Mas nada disso importa a partir de agora: a Copa do Mundo vai começar e é nela que veremos quem será o favorito ao prêmio de principal craque do ano, entregue pela Fifa no próximo mês de dezembro. É claro que os quatro citados acima saem na frente, mas, se qualquer outro conseguir desequilibrar na África, eles serão esquecidos.
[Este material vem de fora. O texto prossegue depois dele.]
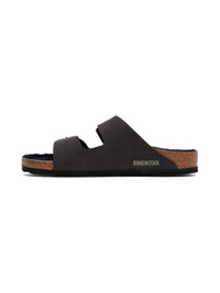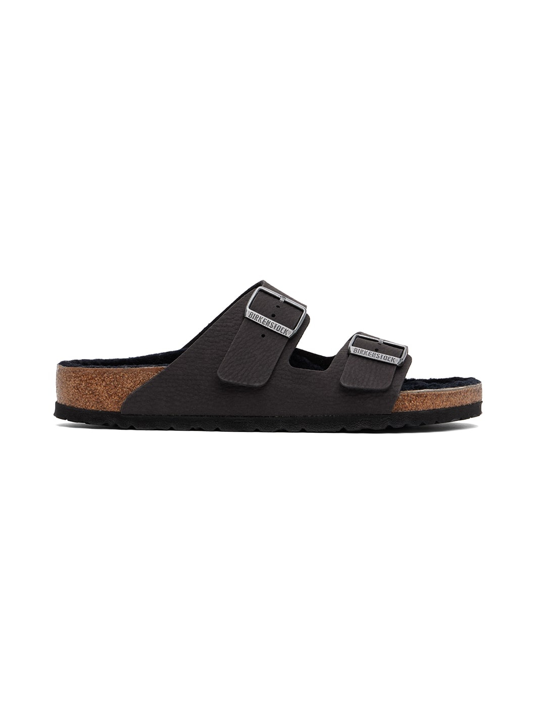 Grained faux-leather slip-on sandals in black. · Open toe · Pin-buckle straps at vamp · Logo embossed at inner side · Logo patch at molded shearling footbed · Cork-latex midsole · Treaded EVA foam rubber sole · Logo-engraved antiqued silver-tone hardware Supplier color: Desert dust black Upper: synthetic. Sole: cork, rubber. Made in Germany 242513M234011

Como PVC escreveu recentemente, “é injusto atribuir o prêmio da Fifa ao melhor da Copa, se ele é entregue historicamente ao melhor da temporada, no ano inteiro”. Mas é exatamente isso que acontece e não vai mudar dessa vez.

Sendo assim, Kaká, Cristiano Ronaldo, Sneijder, Ribéry, Eto’o, Xavi, Villa, Fernando Torres, Iniesta e Schweinsteiger ainda podem entrar na briga. Nenhum deles foi o melhor do mundo em algum mês do ano. Alguns dele sequer tiveram grandes momentos de destaque. Mas são essenciais para suas seleções e, caso brilhem, certamente se tornarão favoritos para o prêmio.

O que não dá pra fazer é ficar em cima do muro. Não é o costume deste blog e por isso vou arriscar: o fora de série Lionel Messi vai finalmente aprontar das suas com a camisa da Argentina. Com adversários fáceis na 1ª fase, a equipe de Maradona vai poder crescer durante a Copa e deve criar condições para a “Pulga” brilhar na fase final.

Claro que é só um palpite e, na verdade, o importante é saber que todos os citados acima são exatamente aqueles que têm maiores chances de faturar o prêmio individual do ano, mas que será decidido entre junho e julho. E para você, quem vai ser o craque da Copa?